Less than one percent of the entire tea grown in Japan ends up as gyokuro. Because of the specific way of growing, this rare high-quality green tea is among the most expensive in Japan. Valued in his homeland as one of the best green teas, gyokuro is now gaining more popularity among tea lovers around the world with its naturally sweet taste and delicate flavor.
How is it special
Gyokuro tea is made from the same tea trees used for production of Sencha. While during the production of Sencha, trees are lit by the sun all year round, tea trees used to produce Gyokuro are covered about twenty days before harvest and the tea is grown under shade. The reduction of sunlight leads to decreased photosynthesis of the plant and as a result, it produces more chlorophyll. This changes the ratio of sugars, amino acids and caffeine in the tea leaves, which affects their color, aroma and taste. Limitation of sunlight results in mild and sweet taste. Gyokuro is produced only from the first leaves of tea trees spring harvest. The trees are harvested by hand; the leaves are lightly steamed to prevent oxidation then the process of rolling and air-drying of the leaves begins. Unlike sencha, gyokuro is not placed on the market immediately after production. The tea is retained for several months, enough time for the leaves to mature well and get their mild taste.
The different preparation
Just like sencha, gyokuro is prepared as the leaves are brewed in a pot of hot but not boiling water. And here the differences begin. The water temperature used with this kind of Japanese tea is much lower – between 50 and 60 degrees. The perfect water temperature is achieved as the hot water is poured into a container for cooling water and allowed to sit for a minute or two, the water is then pouredin gyokuro tea cups (with every transfer of the water from one vessel to another, it is cooled by about 10 degrees). Filling of cups with hot water serves one more purpose – to heat the ceramic cups as they will maintain the ideal temperature of the drink. After cooling of the water, it is poured into a pot. The amount of tea that is used is double compared with sencha. The general rule is: one gram of tea per 30 ml. of water. Tea is ready between 2 and 3 minutes and after the leaves have unfolded. Is is distributed into cups by pouring consecutively small amount of tea in each cup. After the first brewing the tea leaves can be brewed again (up to five times). And something interesting and unique about this type of tea – gyokuro leaves are edible and have a very pleasant taste.

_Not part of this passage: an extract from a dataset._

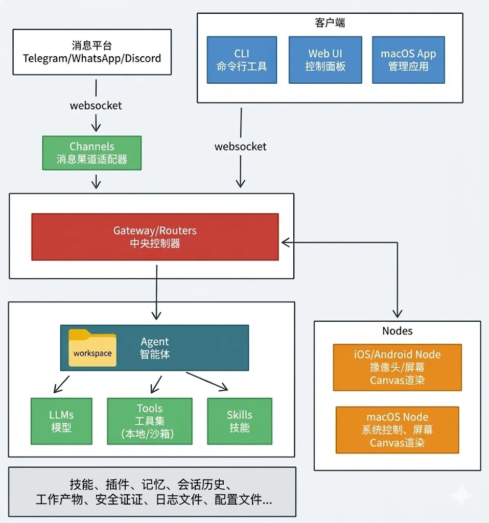 Gateway (网关):你可以把 Gateway 想象成一栋大楼的门卫加总机。所有进入这栋楼的人,都必须先经过它。当你给 AI 发消息的时候,这条消息不是直接就被处理了,而是先到达 Gateway。Gateway 要做三件事:第一,确认你是谁,也就是身份鉴权;第二,管理你当前的会话状态,记录你们聊到哪里了;第三,决定把这个请求转发给哪个组件去处理,也就是路由。 Agent(智能体):本质就是 AI 任务的执行框架,它能调用大模型,不光能听懂你说的话到底要啥,还能把大模型的想法拆解成一步一步可落地的执行计划,协调好各个模块、各种工具资源去干活,全程盯着任务进度,完成之后还会跟你汇报。 Tools 和 Skills(工具和技能):这就是 AI 的万能工具箱,直接决定了它能干啥、不能干啥。Tools 就是单个的基础小工具,比如开个本地文件、发一封邮件、调个软件接口,就像家里的螺丝刀、扳手这种单件工具;Skills 是把好几个工具串起来的一套完整干活流程,比如 “整理项目周报” 这个技能,就是把读邮件、拉进度、写文档、发提醒串起来的一套活。 Channels(通道):这是 AI 的万能翻译官兼对外联络员,我们平时用的飞书、微信、Telegram、这些软件,每个的消息规矩、通信方式都不一样,AI 根本看不懂。它就负责把这些平台的消息,全转成 AI 能听懂的统一内容,也能把 AI 的回复,转成对应平台能发出去的格式,还能一直保持连线不断开,你随时找它,它随时都在,不用你反复开页面刷新。 Nodes(节点):最后是 Nodes 传感器终端。这些是运行在各类设备上的小节点,比如你的手机、苹果笔记本或者台式机。它们为智能体提供摄像头、地理位置、屏幕画面渲染或系统控制等本地级的高权限能力。

Gyokuro contains high levels of the catechin EGCG (epigallocatechin gallate). These natural polyphenols are strong antibacterial and antiviral agents, they strengthen the walls of capillaries and promote the release of the body’s toxic compounds. Many scientists believe that EGCG plays positive role in the body’s fight against cancer.
Like other Japanese green teas, gyokuro is a powerful antioxidant, accelerates metabolism and fat burning. Reduces the risk of cardiovascular disease by reducing the accumulation of fat deposits in the arteries, helps increase the level of good cholesterol and to lower total cholesterol levels. Reduces the risk of diabetes by keeping blood sugar at healthy rates.